WORK REQUEST
While you copy the lines below, skip the pictures and keep the rest exact.

SUPPLIED INFORMATION
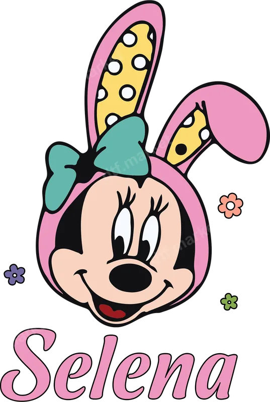See allThis cheerful DTF transfer features an iconic cartoon character, reimagined as an adorable Easter bunny. The design showcases a beloved mouse-like figure wearing a charming pink bunny suit with polka-dotted ears and a cute teal bow. Adorned with delicate pastel flowers and the sweet, personalized name 'Selena' in a lovely pink script, this ready to press transfer captures the joyful spirit of spring and Easter. Perfect for little ones and fans of cute characters, this heat transfer is ideal for creating unique personalized gifts. Celebrate Easter egg hunts, spring festivals, or simply add a touch of whimsy to everyday wear. It’s a wonderful choice for birthday celebrations, baby shower gifts, or just to surprise a special Selena with a custom item. This delightful iron on decal brings a smile to any face. Applying this vibrant direct to film transfer is effortless. It works beautifully on a wide variety of fabrics including cotton, polyester, and blends. For best results, use a heat press at 300-325°F for 15 seconds with medium pressure, then peel cold. You can also achieve great results with a household iron, following included instructions. No intricate weeding or layering required, making customization quick and simple. Experience professional-grade results with our premium apparel transfer. Our DTF transfers are known for their exceptional vibrancy, crack-resistant durability, and a soft-to-the-touch feel that integrates seamlessly with the fabric. Made using high-quality DTF film and strong adhesive, this heat press ready design ensures your custom creations will look fantastic and last wash after wash. Elevate your garments with this stunning, high-quality heat press design.
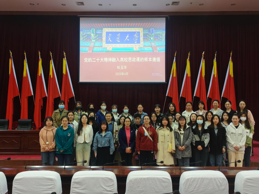的杜玉华教授主讲,杜教授从牢牢把握过去五年工作和新时代十年伟大变革的重要意义、牢牢把握新时代中国特色社会主义思想的世界观和方法论、牢牢把握以中国式现代化推进中华民族伟大复兴的使命任务、牢牢把握以伟大自我革命引领伟大社会革命的重要要求、牢牢把握团结奋斗的时代要求等五个方面对党的二十大提出的新思想新论断、作出的新部署新要求进行了深入解读,帮助师生党员深刻领会党的创新理论的思想精髓,明确党和国家事业未来发展的方向,坚定“四个自信”,坚决做到“两个维护”。
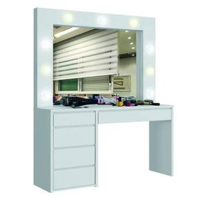 Camarim com Lâmpadas de LED - Berlim-Branco - Mavau Móveis A Camarim Berlim é o ambiente perfeito para quem quer um cantinho especial para se arrumar diariamente. Além de lindo e possuir um desing moderno, é feito em MDF com o tampo e as laterais em 25mm, o que traz resistência e durabilidade para o seu móvel, lâmpadas bivolt em LED, inclusas, e gavetas com corrediças telescópicas e divisórias internas. Aproveite já esse luxo de camarim! Faz parte do anúncio: 1 Camarim com Lampadas de LED - Berlim - Mavau Móveis Obs: Objetos decorativos não acompanham o produto. Particularidades da Penteadeira: Características - Penteadeira MDF - Possui 5 gavetas com corrediças telescópicas - 9 lâmpadas bivolt - Interruptor com tomada embutido - Madeira Ecologicamente Correta - Baseado em conceitos sustentáveis Dimensões da Penteadeira Altura: 1,84 metros Largura: 1,36 metros Profundidade: 45,8 centímetros Informações Importantes: - Produtos podem apresentar diferenças de tonalidades entre a foto na tela e o produto real, devido a calibração de cor de tela. - Limpar com flanela ou pano macio. Não utilizar álcool. Não utilizar produtos abrasivos ou corrosivos. - Nós prezamos pela qualidade da entrega em primeiro lugar, trabalhamos com transportadoras altamente selecionadas e os melhores materiais de embalagem.. -.Todos os produtos vão desmontados, é necessário a montagem por um montador profissional. Não responsabilizamos pela montagem. - Objetos de decoração não incluso. - Certifique-se de que o produto caiba em elevadores e vãos de escadas, não fazemos içamentos ou desmontagens de produtos. Quaisquer despesas deste tipo ficam a cargo do cliente. - Garantia de 3 meses contra defeitos de fabricação. Marca: Não Informado
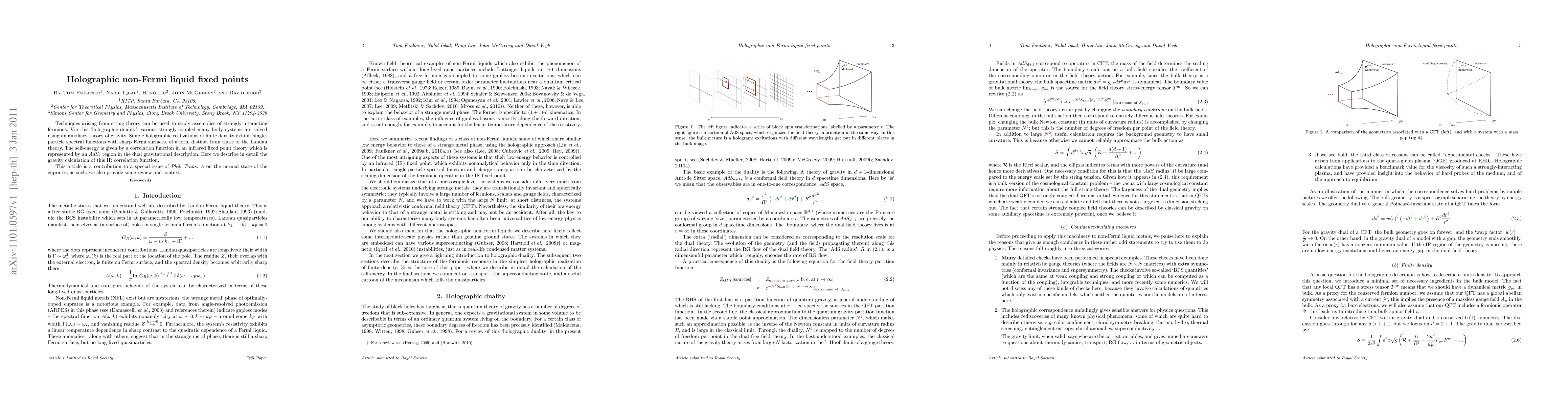 Techniques arising from string theory can be used to study assemblies of strongly-interacting fermions. Via this `holographic duality', various strongly-coupled many body systems are solved using an auxiliary theory of gravity. Simple holographic realizations of finite density exhibit single-particle spectral functions with sharp Fermi surfaces, of a form distinct from those of the Landau theory. The self-energy is given by a correlation function in an infrared fixed point theory which is represented by an AdS_2 region in the dual gravitational description. Here we describe in detail the gravity calculation of this IR correlation function. This article is a contribution to a special issue of Phil. Trans. A on the normal state of the cuprates; as such, we also provide some review and context.

SOLVED EXERCISE
See allThis cheerful DTF transfer features an iconic cartoon character, reimagined as an adorable Easter bunny. The design showcases a beloved mouse-like figure wearing a charming pink bunny suit with polka-dotted ears and a cute teal bow. Adorned with delicate pastel flowers and the sweet, personalized name 'Selena' in a lovely pink script, this ready to press transfer captures the joyful spirit of spring and Easter. Perfect for little ones and fans of cute characters, this heat transfer is ideal for creating unique personalized gifts. Celebrate Easter egg hunts, spring festivals, or simply add a touch of whimsy to everyday wear. It’s a wonderful choice for birthday celebrations, baby shower gifts, or just to surprise a special Selena with a custom item. This delightful iron on decal brings a smile to any face. Applying this vibrant direct to film transfer is effortless. It works beautifully on a wide variety of fabrics including cotton, polyester, and blends. For best results, use a heat press at 300-325°F for 15 seconds with medium pressure, then peel cold. You can also achieve great results with a household iron, following included instructions. No intricate weeding or layering required, making customization quick and simple. Experience professional-grade results with our premium apparel transfer. Our DTF transfers are known for their exceptional vibrancy, crack-resistant durability, and a soft-to-the-touch feel that integrates seamlessly with the fabric. Made using high-quality DTF film and strong adhesive, this heat press ready design ensures your custom creations will look fantastic and last wash after wash. Elevate your garments with this stunning, high-quality heat press design.
的杜玉华教授主讲,杜教授从牢牢把握过去五年工作和新时代十年伟大变革的重要意义、牢牢把握新时代中国特色社会主义思想的世界观和方法论、牢牢把握以中国式现代化推进中华民族伟大复兴的使命任务、牢牢把握以伟大自我革命引领伟大社会革命的重要要求、牢牢把握团结奋斗的时代要求等五个方面对党的二十大提出的新思想新论断、作出的新部署新要求进行了深入解读,帮助师生党员深刻领会党的创新理论的思想精髓,明确党和国家事业未来发展的方向,坚定“四个自信”,坚决做到“两个维护”。
 Camarim com Lâmpadas de LED - Berlim-Branco - Mavau Móveis A Camarim Berlim é o ambiente perfeito para quem quer um cantinho especial para se arrumar diariamente. Além de lindo e possuir um desing moderno, é feito em MDF com o tampo e as laterais em 25mm, o que traz resistência e durabilidade para o seu móvel, lâmpadas bivolt em LED, inclusas, e gavetas com corrediças telescópicas e divisórias internas. Aproveite já esse luxo de camarim! Faz parte do anúncio: 1 Camarim com Lampadas de LED - Berlim - Mavau Móveis Obs: Objetos decorativos não acompanham o produto. Particularidades da Penteadeira: Características - Penteadeira MDF - Possui 5 gavetas com corrediças telescópicas - 9 lâmpadas bivolt - Interruptor com tomada embutido - Madeira Ecologicamente Correta - Baseado em conceitos sustentáveis Dimensões da Penteadeira Altura: 1,84 metros Largura: 1,36 metros Profundidade: 45,8 centímetros Informações Importantes: - Produtos podem apresentar diferenças de tonalidades entre a foto na tela e o produto real, devido a calibração de cor de tela. - Limpar com flanela ou pano macio. Não utilizar álcool. Não utilizar produtos abrasivos ou corrosivos. - Nós prezamos pela qualidade da entrega em primeiro lugar, trabalhamos com transportadoras altamente selecionadas e os melhores materiais de embalagem.. -.Todos os produtos vão desmontados, é necessário a montagem por um montador profissional. Não responsabilizamos pela montagem. - Objetos de decoração não incluso. - Certifique-se de que o produto caiba em elevadores e vãos de escadas, não fazemos içamentos ou desmontagens de produtos. Quaisquer despesas deste tipo ficam a cargo do cliente. - Garantia de 3 meses contra defeitos de fabricação. Marca: Não Informado
 Techniques arising from string theory can be used to study assemblies of strongly-interacting fermions. Via this `holographic duality', various strongly-coupled many body systems are solved using an auxiliary theory of gravity. Simple holographic realizations of finite density exhibit single-particle spectral functions with sharp Fermi surfaces, of a form distinct from those of the Landau theory. The self-energy is given by a correlation function in an infrared fixed point theory which is represented by an AdS_2 region in the dual gravitational description. Here we describe in detail the gravity calculation of this IR correlation function. This article is a contribution to a special issue of Phil. Trans. A on the normal state of the cuprates; as such, we also provide some review and context.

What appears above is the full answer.